If you don't have a ton of sun and great conditions to start seeds you may want to think about buying plants. I buy broccoli plants in six packs. Ditto for tomatoes, eggplants and peppers.

Squash, cukes, melons and other big seeds you can start in the garden yourself or a few weeks early if you want to transplant them into the garden once they get started.

Cabbage & potatoes I don't grow because the stuff is so cheap anyways.

Because I have a small garden I concentrate on things that have high value - tomatoes, peppers sweet and hot, squashes, fresh greens, beans, peas, lots of herbs. Hot peppers are great to grow. They're prolific, dry easy and store a long time. Plus they're expensive to buy.

You gotta start composting yesterday. Just put a bag on your counter and put all of your veggie scraps, coffee grounds, shrimp shells and that sort of stuff into the bag then every day or two pile it up outside.

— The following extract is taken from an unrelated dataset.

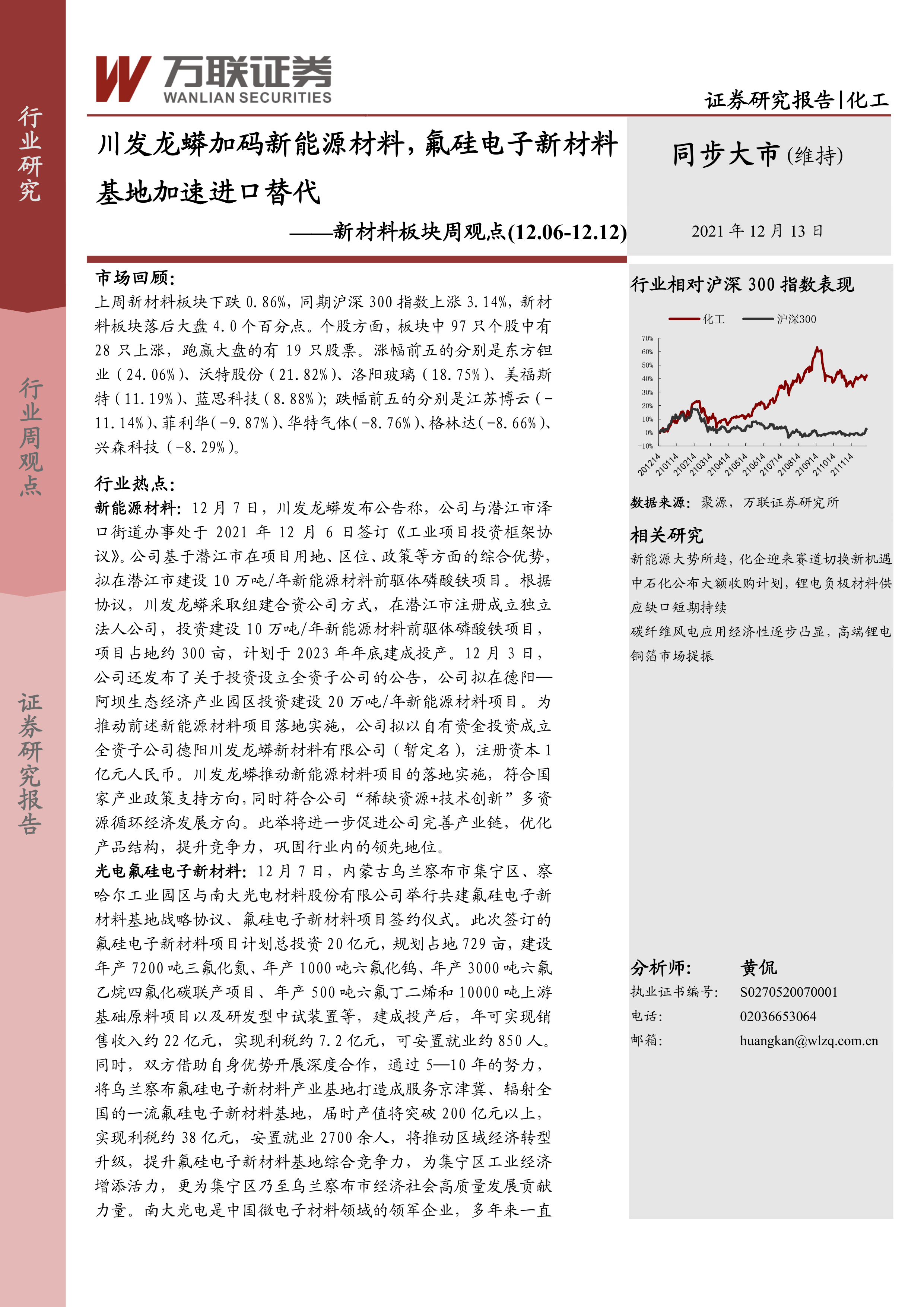 新材料板块周观点:川发龙蟒加码新能源材料,氟硅电子新材料基地加速进口替代
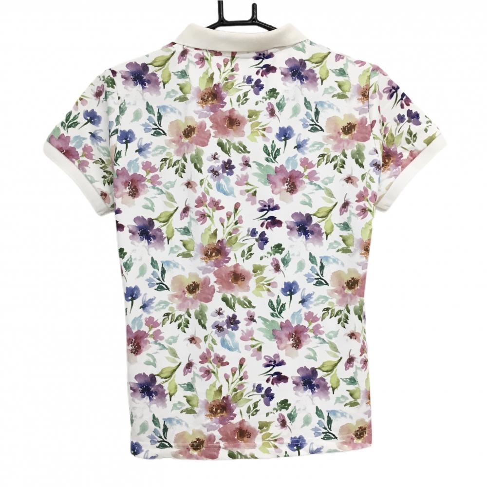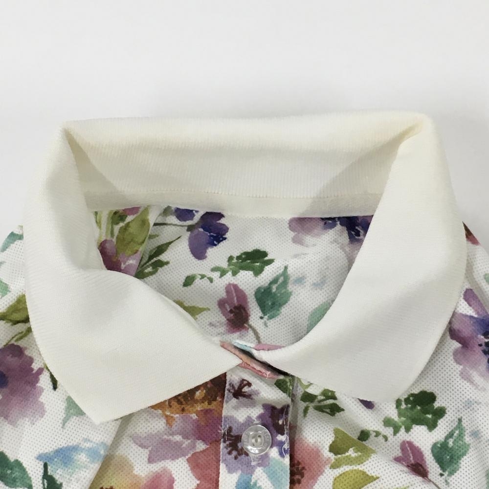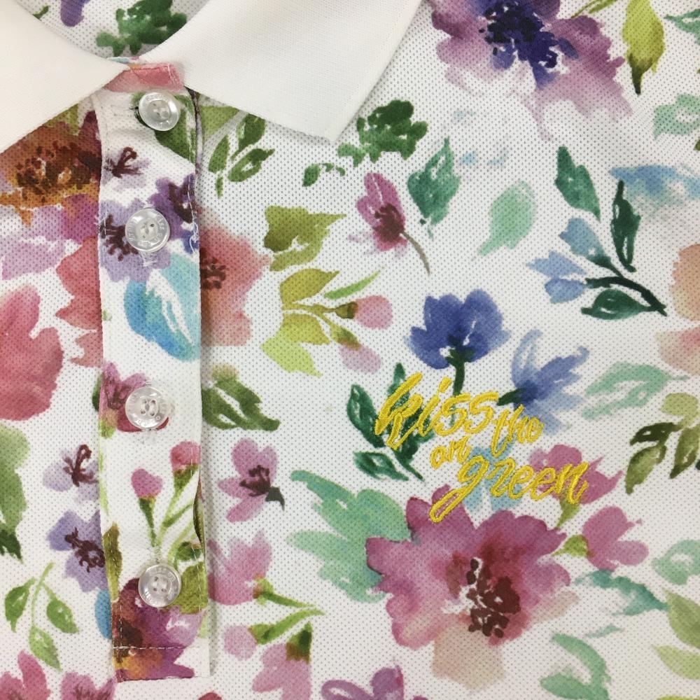 キスオンザグリーン 半袖ポロシャツ 白×マルチカラー 花柄 総柄 ロゴ刺しゅう レディース 2(M) ゴルフウェア kiss on the green

Cover it with some leaves, lawn clippings and soil and you will be cooking up your own compost.

Also, don't waste your money on a bunch of crap. Join the Northeast Organic Farmers Association. This past weekend was bulk order pickup day. The whole association goes in to buy a big order of fertilizers, composts, bug killers, other supplements. Because we all order together we get a better deal.

My plan - last fall I spread my composts, added azomite and spread wood ashes over the winter. This weekend I put down black plastic to warm the soil. Next weekend I'll direct sow into the ground all of my leafy greens and peas. Then for the next couple of weeks I'll sow a couple more successive plantings of greens and peas.

Come the middle of May (we can gets frosts right through Memorial Day. Memorial day is our frost free day.) I'll buy my six packs of plants and put em in the ground. Toward August when things start cooling off again I'll plants more leafy greens and peas.

I don't have ideal seed starting conditions so I buy a lot of my plants because they are much healthier and will yield heavier than crappy, little, stretched, leggy plants that I start.

Abraham

Mayberry said...

Nothing worth doing is easy.... Ain't it a bit cool yet for a garden up there? Anyhoo, good luck with it.